Though $16 million may sound like a devastating fine for many organizations, it is not much for a group as large as Anthem. It was, however, the last of hundreds of millions spent on the breach, according to Donna Grindle, President of Kardon in Tucker, Georgia.
On a podcast Grindle hosts for Kardon, she lists the funds Anthem spent in remediation including:
· $2.5 million for expert consultants
· $115 million on security upgrades
· $31 million to notify patients affected
· $112 million for credit protection for patients impacted
· $115 million on a civil suit filed by more than 19 million of the affected patients.
This totals a hefty $375.5 million before OCR even fined Anthem. Grindle said the company's corrective action plan could continue for years to come, meaning the organization will likely be dedicating money and resources toward this breach (which occurred in 2014) well into 2020.
A corrective action plan of the scope Anthem has “is not something you can spend an hour a week on,” which is what Grindle suggests her clients do to manage HIPAA compliance to avoid these breaches in the first place.
Though large health systems like Anthem can spend millions on IT security, they often “fail miserably” when it comes to the basics, said Richard Staynings, Senior Vice President and Chief Security and Trust Officer for Clearwater Compliance, LLC, based in Nashville, Tennessee.
He sees organizations dealing with breaches because they allow doctors to copy patient information and take it home on USB drives, or forget to remove former employees from the system.
“Doctors tend to tell the office manager, ‘Go read up on this (HIPAA) and make sure we are meeting the standards,'” he said. This is so complicated, however, that doctors in small practices need to partner with experts “who can understand the potential weaknesses that could come back to bite them.”
Anthem, Staynings said, was “lulled into a false sense of security” because the company had received the Health Information Trust Alliance (HITRUST) certification. HITRUST is an IT security framework that can act as an umbrella that, when implemented, is meant to cover various regulations and standards, including those of HIPAA and the Health Information Technology for Economic and Clinical Health. Unfortunately, securing an organization through HITRUST does not always result in meeting all HIPAA requirements, Staynings said.

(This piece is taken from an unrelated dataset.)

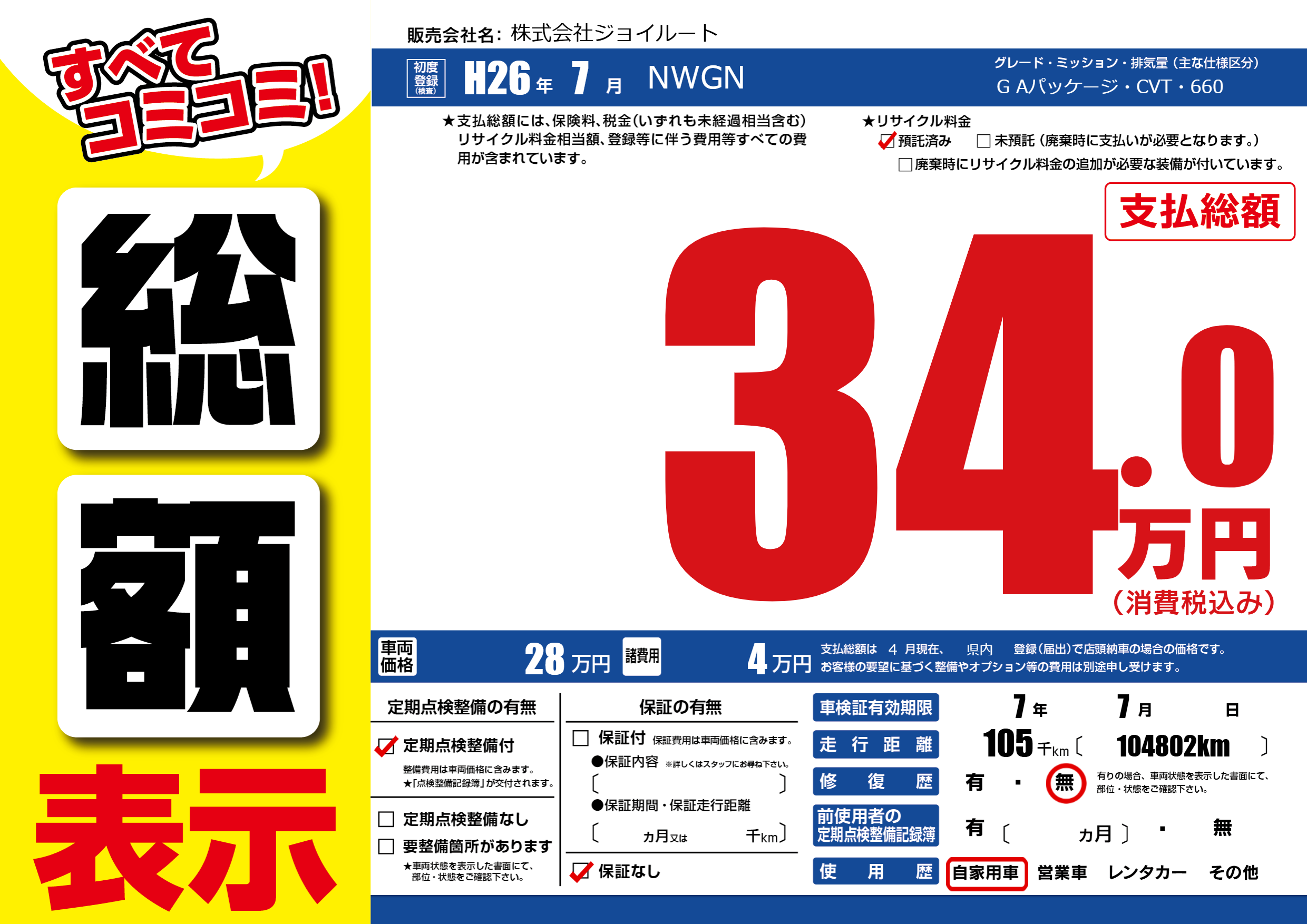 | 車名 | NWGN | グレード ミッション 排気量 |

For instance, HITRUST might not take steps to identify an organization's vulnerabilities or evaluate whether the organization's risk analysis is up to HIPAA standards. OCR, he said, recommends using guidelines from the National Institute of Standards and Technology.
Regardless of the kind of external assessment that is done, an organization would be remiss to assume any of them will solve all of its HIPAA issues, Hicks said. “Those are all point-in-time assessments,” he said. “Security is a program that takes ongoing maintenance. After the final report is received, what happens, then?”

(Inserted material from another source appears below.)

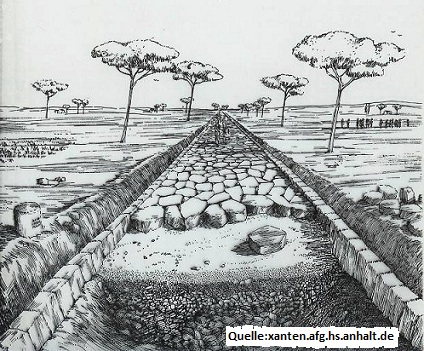 Unterbau sorgte für Festigkeit; eine leichte Fahrbahnwölbung (“dorsum”)

A risk analysis will shine a light on areas that need improvement. He, too, sees inventories of protected health information that are incomplete, outdated, or inaccurate, as well as policies and procedures lacking required practices and organizations that fail to ensure that their vendors are safeguarding data. While Anthem was certified against the most comprehensive framework (HITRUST CSF), the organization failed to include the compromised environment in scope. Additionally, the organization failed to perform a risk analysis. Not performing a risk analysis—or having a bad one—likely puts organizations under a category OCR calls “willful neglect.”
“If they flat out didn't do anything to prevent a breach, the fines will get pushed up higher,” Hicks said. “If they did something to prove that they had some level of due diligence, the fines go down a bit.”